(Beginning of Input for this task)

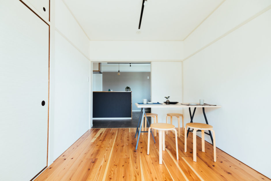 無垢のフローリングって、経年変化を楽しめるし、木を削ってメンテナンスができるから、入居者の入れ替えのたびに貼り替える必要性がない。回していけるから、長い目で見ればコストがかからない資材なんです。初期費用がかかるので賃貸で無垢材が採用されることは少ないんですけど、僕らが手がけた賃貸物件で無垢床を採用されたオーナーさんが「無垢の部屋に住んでる人は部屋をきれいに使ってくれる」って言うんですよ。退去の時にも「すごく良かったから自分もリノベして住みたい」という話をしてくださる方も多いんです。
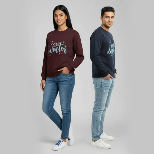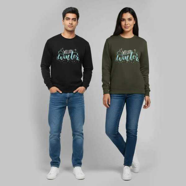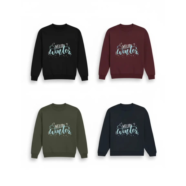 Hello Winter Unisex 100% Cotton Fleece Sweatshirt – Cozy Comfort in 4 Seasonal Colors
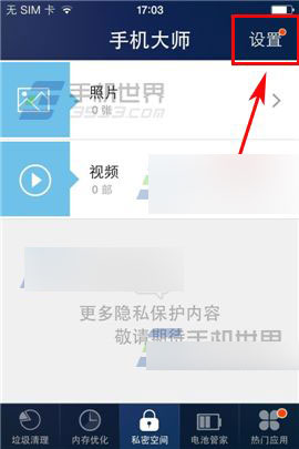 1)下载并打开【手机大师】,进入首页后点击下方【私密空间】,点击右上角【设置】。(如下图)
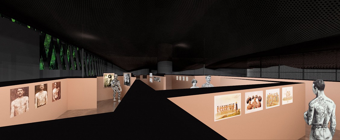 Des extraits de corps tournent lentement derrière des drapés voilés joignant le sol au plafond. A travers des orifices à la fois amples et tenus, les corps tatoués s’offrent aux regards respectueux.
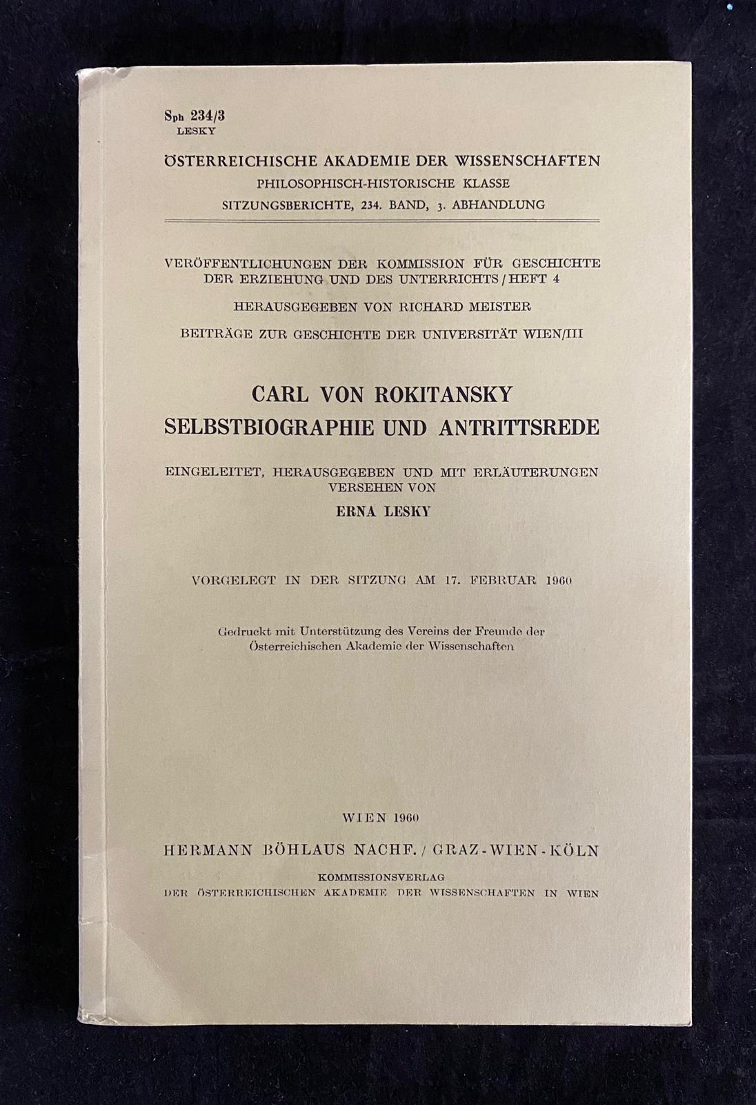 MEDIZIN.– ROKITANSKY, Karl Frh. v.: Selbstbiographie und Antrittsrede. Eingel. hrsg. von Erna Lesky. Vorgelegt in der Sitzung am 17. Febr. 1960. Wien (Böhlau), 1960. 111 S. mit Titelportrait. OKart. Vorsätze mit Klebespuren an den Ecken . = Veröffentlichungen der Kommission für Geschichte der Erziehung und des Unterrichts, 4. EA.

(End of Input for this task)

▸ **Aim of the exercise**:
The answer must be an exact transcription of the lines from the one containing "Des extraits de" through the last line of the records above, both included, with no pictures.

▸ **Solution to this exercise**:
 Des extraits de corps tournent lentement derrière des drapés voilés joignant le sol au plafond. A travers des orifices à la fois amples et tenus, les corps tatoués s’offrent aux regards respectueux.
 MEDIZIN.– ROKITANSKY, Karl Frh. v.: Selbstbiographie und Antrittsrede. Eingel. hrsg. von Erna Lesky. Vorgelegt in der Sitzung am 17. Febr. 1960. Wien (Böhlau), 1960. 111 S. mit Titelportrait. OKart. Vorsätze mit Klebespuren an den Ecken . = Veröffentlichungen der Kommission für Geschichte der Erziehung und des Unterrichts, 4. EA.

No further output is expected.